On Mothers and Manhattan
13 05 2008Sunday was Mother’s Day. Every year for me, it’s just another day. Just another day to remember my mom, and try to remember what it felt like to have one. Not surprisingly, I tend to be quiet and reflective, preferring to be alone. When I woke up this year on Mother’s Day, it was no different. B was headed out the door to play soccer with friends, kissing me as he left. I laid in bed, playing with my pup, then started thinking about things. It didn’t take long before my eyes filled with tears, and I had to get up and get moving. It tends to be the only day I cry about her now. Sometimes on Christmas too, but mostly just Mother’s Day. It hurts not having her here to buy flowers for, to spend time with. I found myself watching tv spacing out to the television for a few hours. Eventually, I just got up and got to work cleaning and being domestic. It’s really the only way to let it all go.

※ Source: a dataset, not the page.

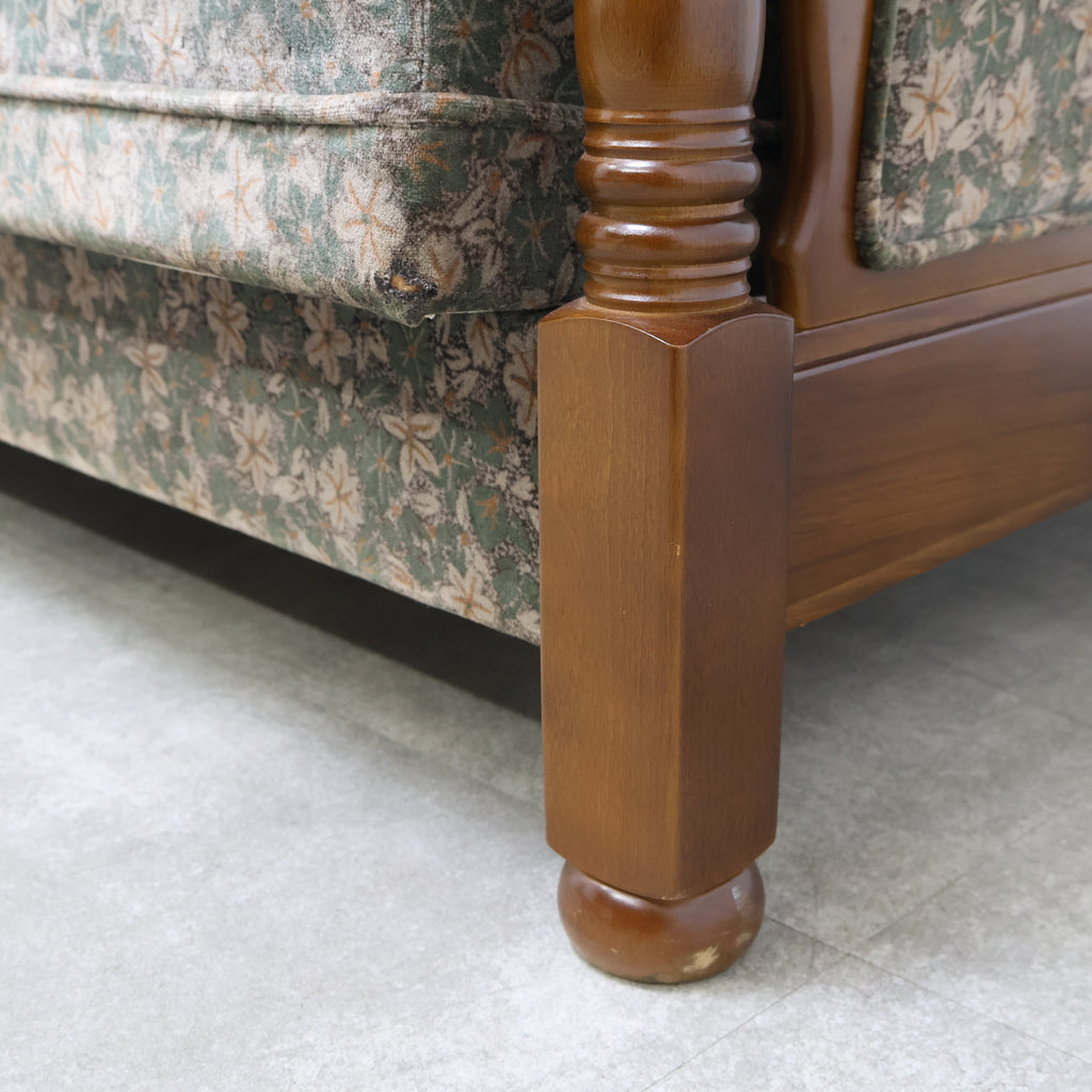 木製フレームと落ち着いた花柄ファブリックの組み合わせが、どこか懐かしく温かみのある空間を演出してくれます。コロニアルシリーズらしい丸みのあるアームや脚部のデザインは、和洋どちらのインテリアにも自然に馴染み、長く愛されてきた理由を感じさせます。
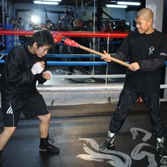 自分の避ける能力を是非試しながら、プロのボクシング選手の体験ができます。

I leave for NYC on Thursday morning. I’m taking off from Richmond at 6 and will be arriving at JFK at 7:15 a.m. I’m super excited. I’m going to miss B like crazy, but I love to travel and time away will do my soul some good.
I promise to post pics when I’m back! How about that? Perhaps you’ll even get a few of me, with my face cut out of them. No promises on that one. It will be hard to explain that to a friend who doesn’t know about my blog. But we’ll see what I can pull off. ![]()


I can’t imagine how hard Mother’s Day must be for someone whose mom is no longer here.. I am SO sorry.
Have a GREAT trip though. Sounds very timely!
I’m sorry Mother’s Day is such a painful thing.
Yes, please post photos…we’d love to see them!
I’m sorry that Mother’s Day is so hard for you. I can’t imagine what that must be like. I’ll be thinking of you.
I can’t wait to see those pictures though. It’s about time.
My best friend lost his mother last year and spending mother’s day with him this year was heart breaking for me. I’m sorry you’re sad and wish you the best time ever in NYC!
I’m sorry that Mother’s Day is so painful for you, but your post reminds me to cherish my mother more than I do, because I know that I don’t tell her often enough how much I love her, and I never know when she will be gone.
ah, cp, i choked up just reading this. you are a beautiful person and thank you for sharing this with us. i’m so happy that you have wonderful people in your life who love you and take care of you. and that you are a strong person who knows how to take care of yourself as well =)
have the most wonderful time in nyc. can’t wait to hear how it goes and yes to pictures!